Referenceless Evaluation of NLG

My PhD dissertation is Referenceless Evaluation of Natural Language Generation from Meaning Representations. I defended it in June 2021.

The main contributions are also published in two conference papers:

Along the way I also did some relevant non-archival presentations:

  • A Rule-Based and Statistical Approach to AMR Generation, MASC-SLL 2018
  • Referenceless Evaluation of Natural Language Generation from Meaning Representations, MASC-SLL 2020
  • Evaluating AMR-to-English NLG Evaluation, EvalNLGEval 2020


Automatic evaluation of NLG usually involves comparison to human-authored references which are treated as the ground truth. However, these references often fail to adequately capture the range of valid output for an NLG task, and many validation studies have shown that reference-based metrics do not reliably correlate well with human judgments. Focusing on the generation of English text from Abstract Meaning Representation (AMR), I explore referenceless approaches to evaluation, including both human and automatic methods.

First, I conduct a new human evaluation study comparing five different AMR-to-English generation systems. Human annotators give numerical judgments for fluency and adequacy, as well as broad error type annotations. I discuss the relative quality of these systems and how these results compare to those of automatic metrics, finding that while the metrics are mostly successful in ranking systems overall, collecting human judgments allows for more nuanced comparisons. I also perform a qualitative analysis of common errors made by these systems.
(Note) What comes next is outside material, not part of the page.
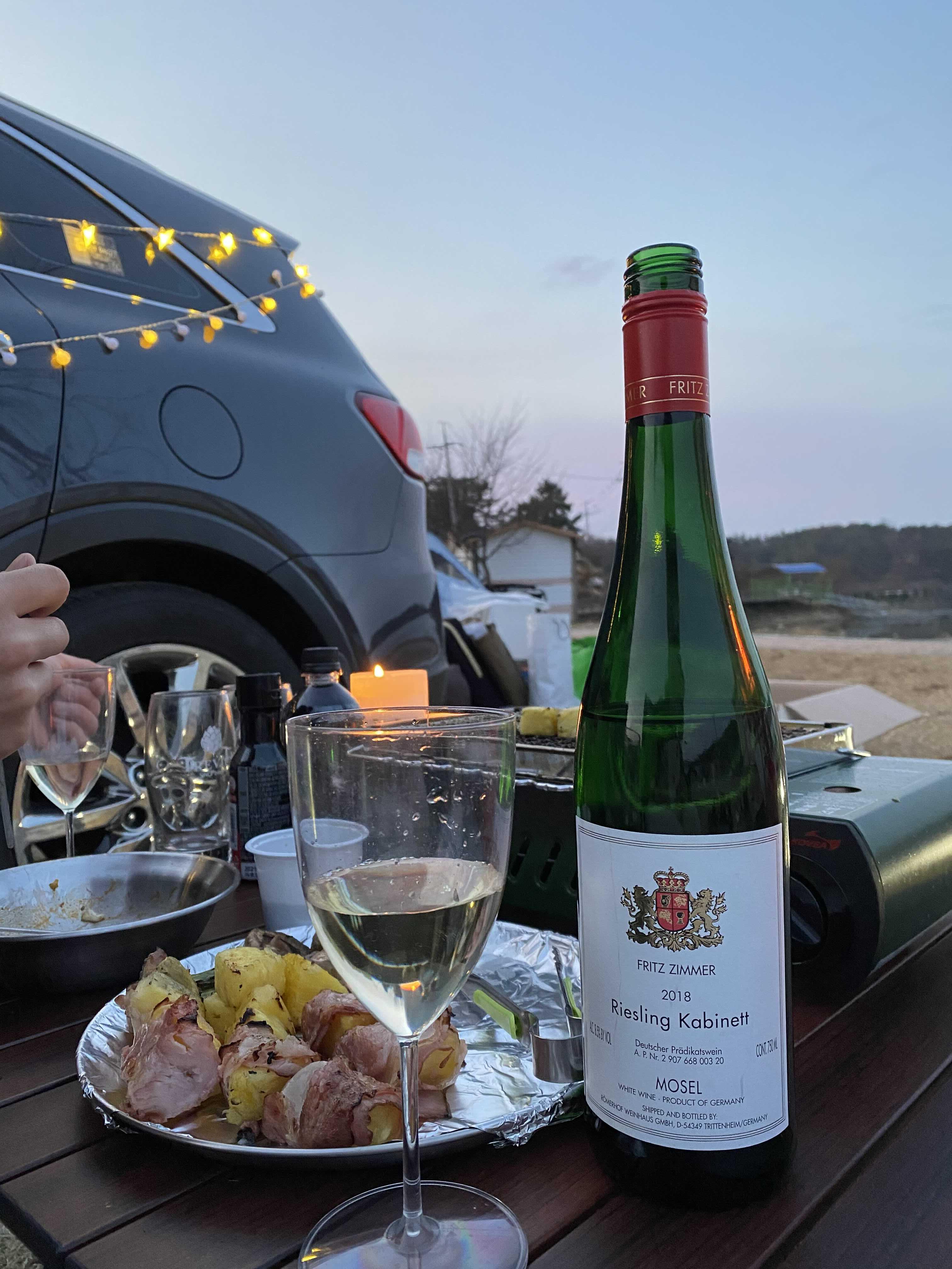 파인애플 베이컨 꼬치랑 리슬링 🥂 이때부터 시작인가요,,, 보라돌이가 계속 술을 마셔도 안 취한다고 한 것이... ㅋㅋㅋ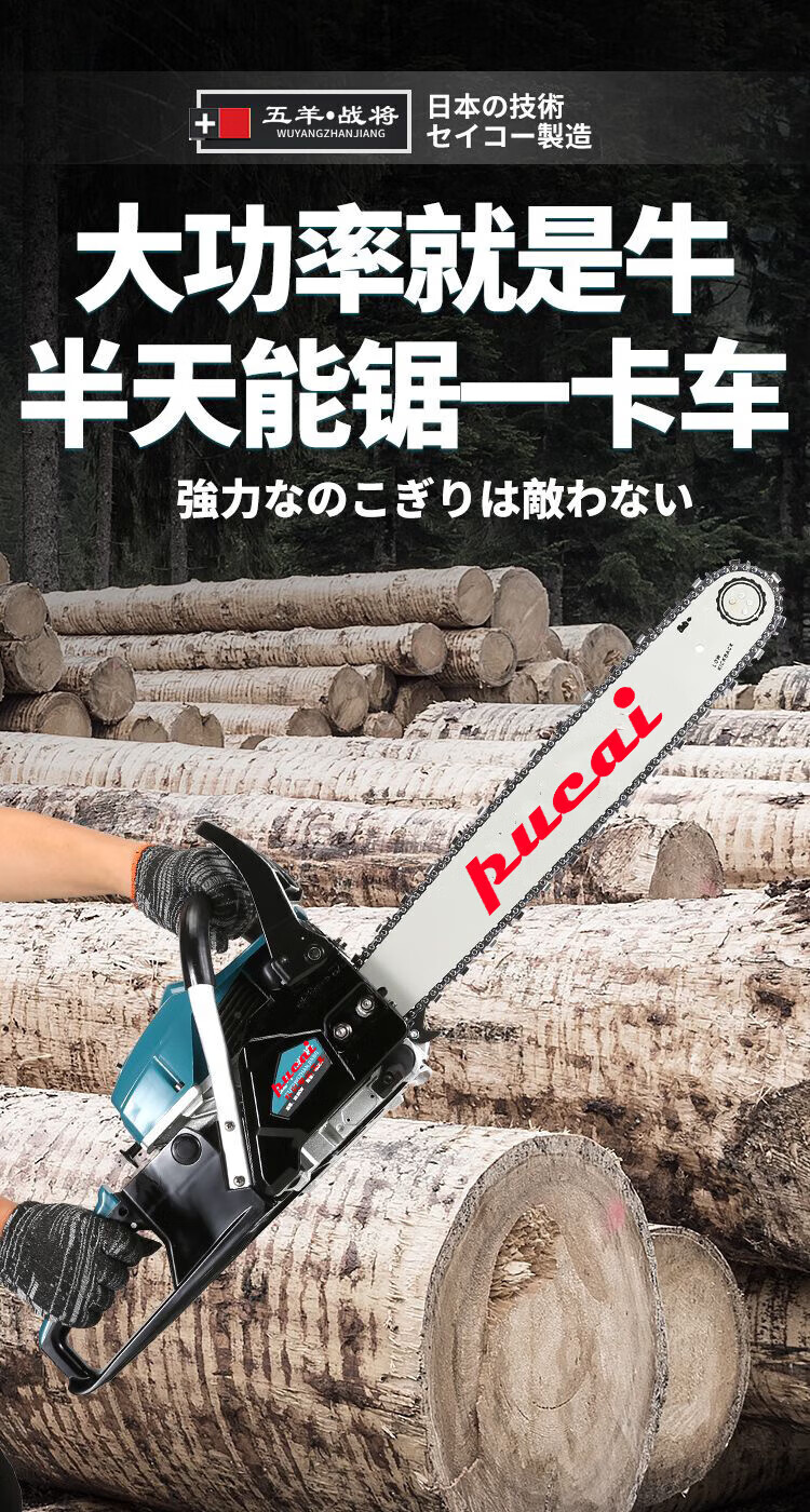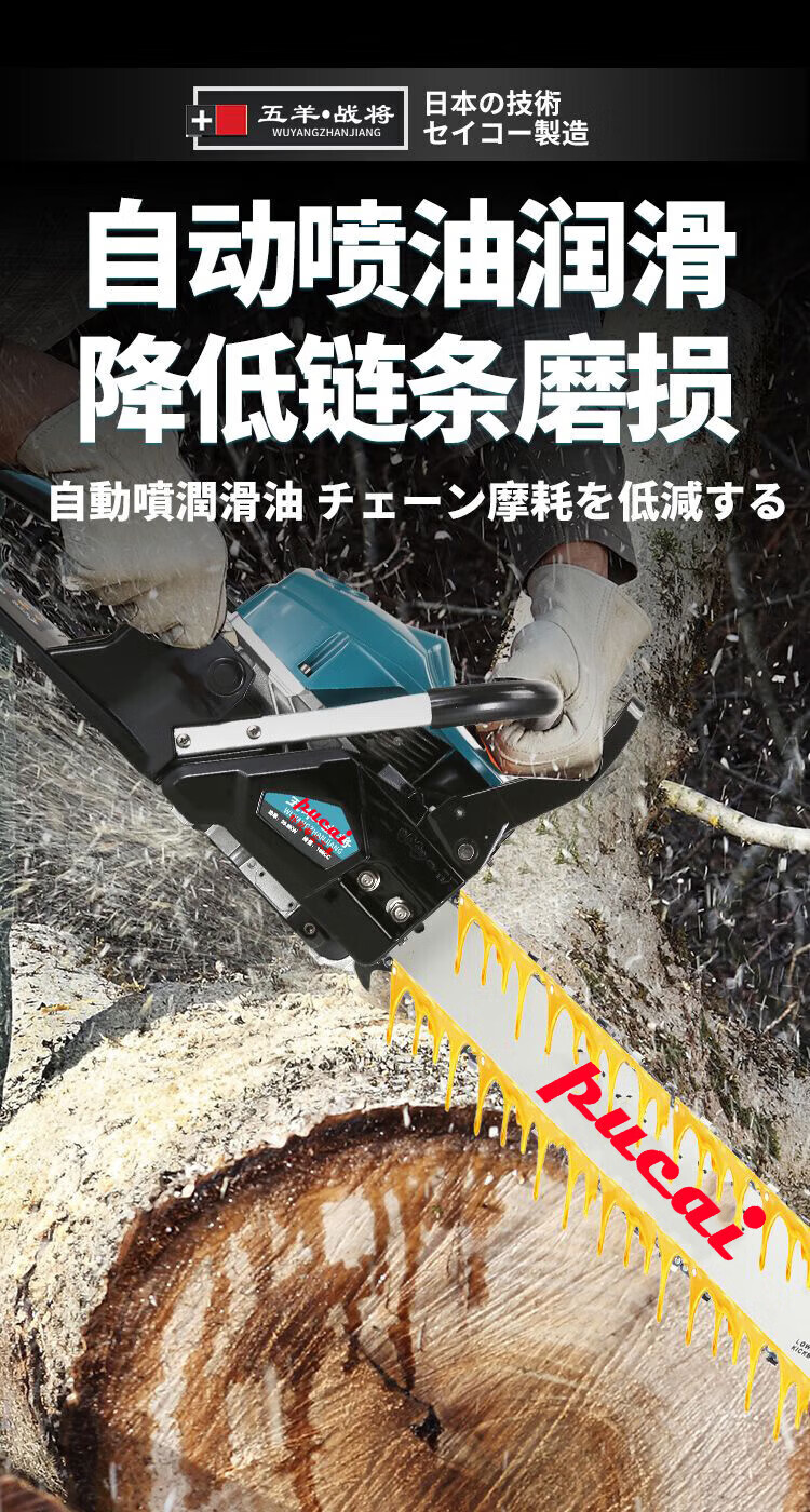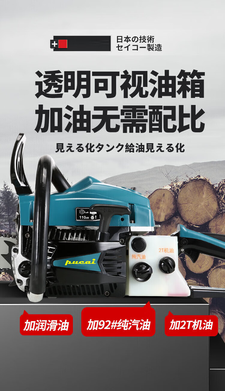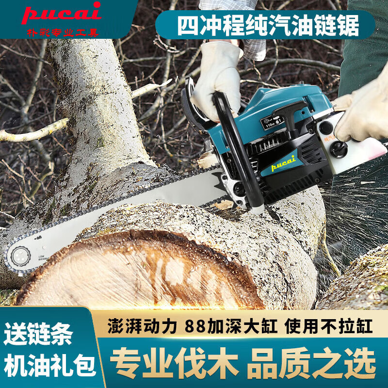 PUCAI日本进口雅马哈技术大功率四冲程纯汽油油锯砍树机汽油锯伐木锯 旗舰款四冲程配2根链条

Next, I explore the possibility of automatically evaluating AMR-to-English generation by comparing a parse of the generated sentence to the input. I find that the quality of AMR parsers substantially impacts the performance of this approach, and that even with a state-of-the-art parser, the resulting metric underperforms popular reference-based metrics. However, when automatic parses are manually edited for accuracy, this evaluation approach improves greatly, outperforming most fully-automatic metrics and approaching the quality of a state-of-the-art learned metric. These results indicate that fully-automatic parser-based metrics are likely to prove more reliable in the future as the state of the art in AMR parsing continues to improve.